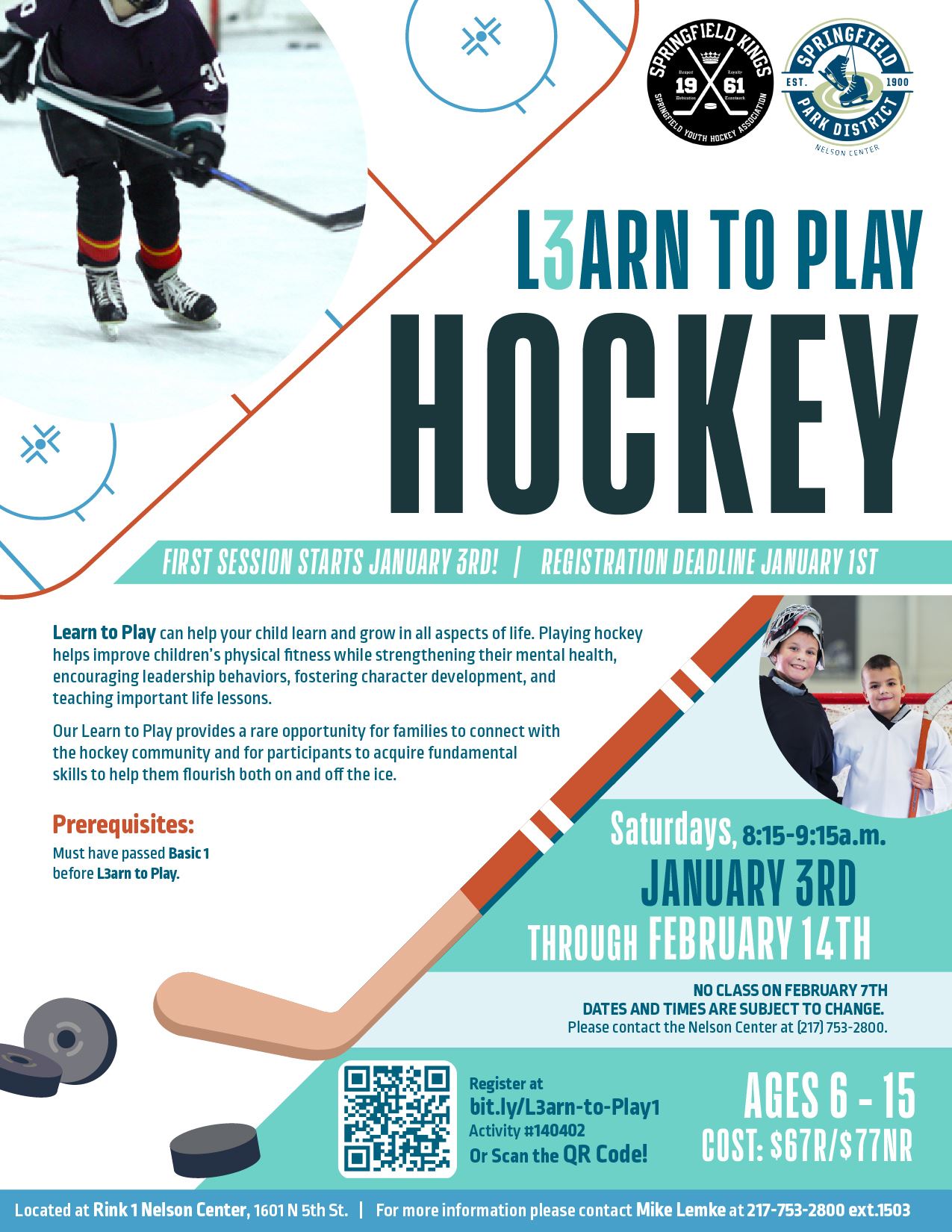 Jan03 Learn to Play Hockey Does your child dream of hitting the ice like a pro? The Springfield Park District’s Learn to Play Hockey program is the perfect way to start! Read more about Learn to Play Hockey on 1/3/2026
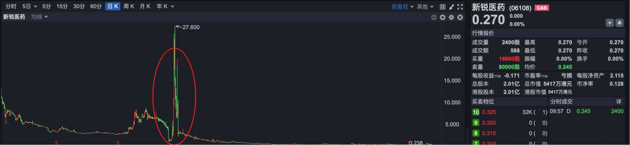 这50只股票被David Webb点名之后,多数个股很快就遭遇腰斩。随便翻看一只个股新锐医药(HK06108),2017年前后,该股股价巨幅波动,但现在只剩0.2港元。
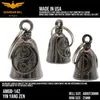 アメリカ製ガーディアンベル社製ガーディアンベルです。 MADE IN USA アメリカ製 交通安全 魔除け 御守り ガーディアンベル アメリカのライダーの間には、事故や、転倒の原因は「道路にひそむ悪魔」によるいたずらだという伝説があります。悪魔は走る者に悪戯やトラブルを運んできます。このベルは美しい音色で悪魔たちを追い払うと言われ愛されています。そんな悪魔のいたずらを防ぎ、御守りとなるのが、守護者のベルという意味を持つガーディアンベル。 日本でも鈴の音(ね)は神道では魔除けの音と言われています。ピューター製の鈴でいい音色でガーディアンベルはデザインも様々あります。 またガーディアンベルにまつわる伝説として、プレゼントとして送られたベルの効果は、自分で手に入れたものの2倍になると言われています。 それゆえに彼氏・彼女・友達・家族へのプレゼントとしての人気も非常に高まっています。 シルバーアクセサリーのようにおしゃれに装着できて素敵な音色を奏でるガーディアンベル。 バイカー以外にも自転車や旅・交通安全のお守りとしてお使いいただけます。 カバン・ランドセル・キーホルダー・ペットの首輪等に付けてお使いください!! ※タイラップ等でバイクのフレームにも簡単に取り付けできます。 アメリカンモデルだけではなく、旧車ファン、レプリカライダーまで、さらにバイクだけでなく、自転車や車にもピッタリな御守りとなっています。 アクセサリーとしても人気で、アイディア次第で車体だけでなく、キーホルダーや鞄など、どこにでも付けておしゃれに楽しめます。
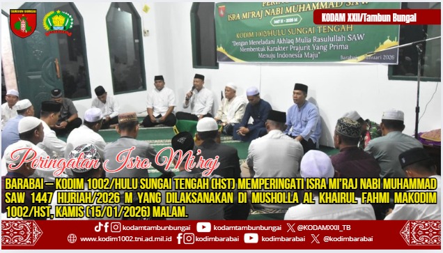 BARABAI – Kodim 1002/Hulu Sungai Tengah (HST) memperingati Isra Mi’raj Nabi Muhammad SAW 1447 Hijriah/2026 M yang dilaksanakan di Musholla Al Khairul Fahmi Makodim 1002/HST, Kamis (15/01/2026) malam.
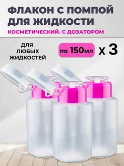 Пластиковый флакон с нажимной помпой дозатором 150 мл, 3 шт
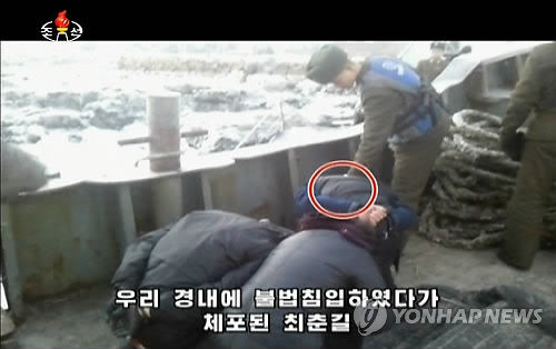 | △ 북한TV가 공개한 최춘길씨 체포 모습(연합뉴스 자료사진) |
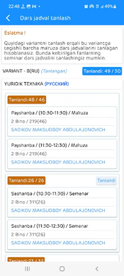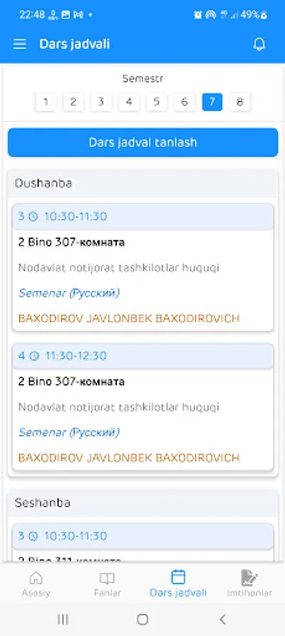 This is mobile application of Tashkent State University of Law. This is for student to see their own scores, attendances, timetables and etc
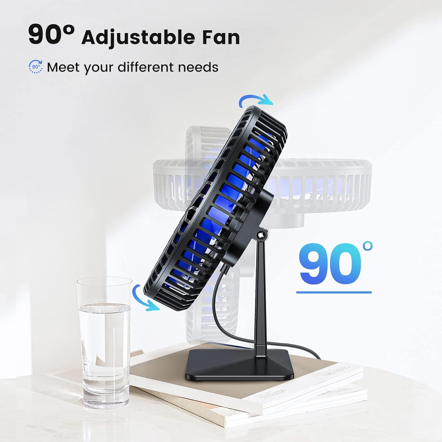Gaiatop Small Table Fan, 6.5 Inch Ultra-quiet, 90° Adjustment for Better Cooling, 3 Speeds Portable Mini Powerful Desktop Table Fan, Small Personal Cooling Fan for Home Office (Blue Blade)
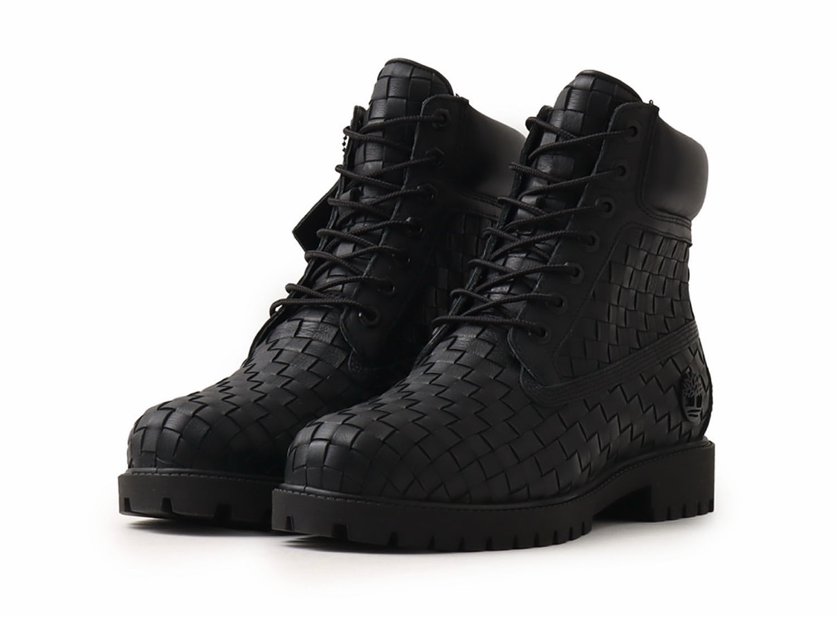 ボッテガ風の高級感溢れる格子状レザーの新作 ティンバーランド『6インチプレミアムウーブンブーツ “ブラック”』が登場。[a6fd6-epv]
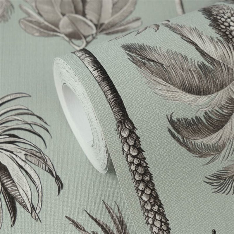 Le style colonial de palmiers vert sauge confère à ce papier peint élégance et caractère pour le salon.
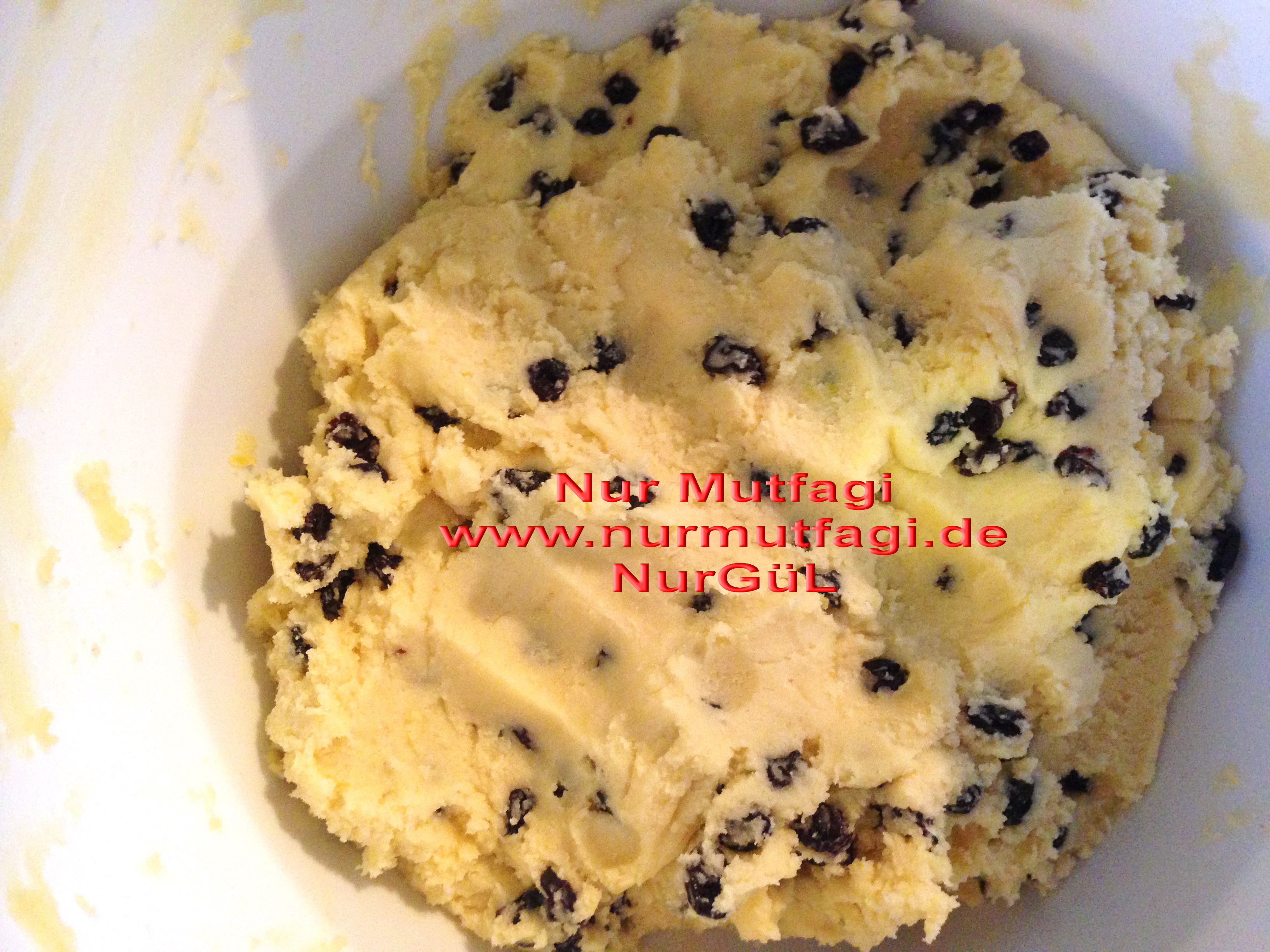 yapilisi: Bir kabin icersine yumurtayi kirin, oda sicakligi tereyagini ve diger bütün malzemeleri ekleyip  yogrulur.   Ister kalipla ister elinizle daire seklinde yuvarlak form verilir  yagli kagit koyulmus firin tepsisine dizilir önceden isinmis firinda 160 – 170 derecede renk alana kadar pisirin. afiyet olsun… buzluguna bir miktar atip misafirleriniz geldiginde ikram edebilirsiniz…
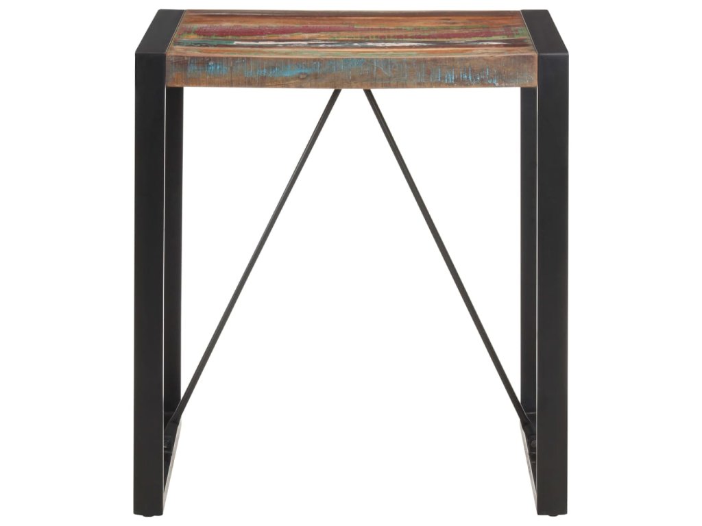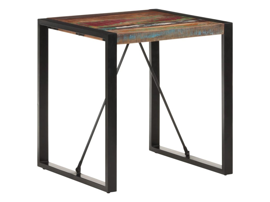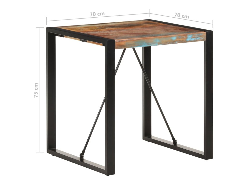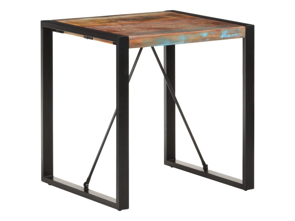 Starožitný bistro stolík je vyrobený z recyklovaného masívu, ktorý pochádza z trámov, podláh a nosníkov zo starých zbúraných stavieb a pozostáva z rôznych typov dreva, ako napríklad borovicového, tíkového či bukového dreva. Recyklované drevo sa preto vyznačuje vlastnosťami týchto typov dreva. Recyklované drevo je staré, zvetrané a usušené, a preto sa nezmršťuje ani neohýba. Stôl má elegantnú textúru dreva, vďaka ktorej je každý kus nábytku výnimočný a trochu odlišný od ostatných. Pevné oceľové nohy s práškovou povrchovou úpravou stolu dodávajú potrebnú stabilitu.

# WORK REQUIRED
Everything above from the line containing "Пластиковый флакон с" through the line containing "Le style colonial" must be repeated exactly, and the pictures must be left out.

# REPLY
 Пластиковый флакон с нажимной помпой дозатором 150 мл, 3 шт
 | △ 북한TV가 공개한 최춘길씨 체포 모습(연합뉴스 자료사진) |
 This is mobile application of Tashkent State University of Law. This is for student to see their own scores, attendances, timetables and etc
Gaiatop Small Table Fan, 6.5 Inch Ultra-quiet, 90° Adjustment for Better Cooling, 3 Speeds Portable Mini Powerful Desktop Table Fan, Small Personal Cooling Fan for Home Office (Blue Blade)
 ボッテガ風の高級感溢れる格子状レザーの新作 ティンバーランド『6インチプレミアムウーブンブーツ “ブラック”』が登場。[a6fd6-epv]
 Le style colonial de palmiers vert sauge confère à ce papier peint élégance et caractère pour le salon.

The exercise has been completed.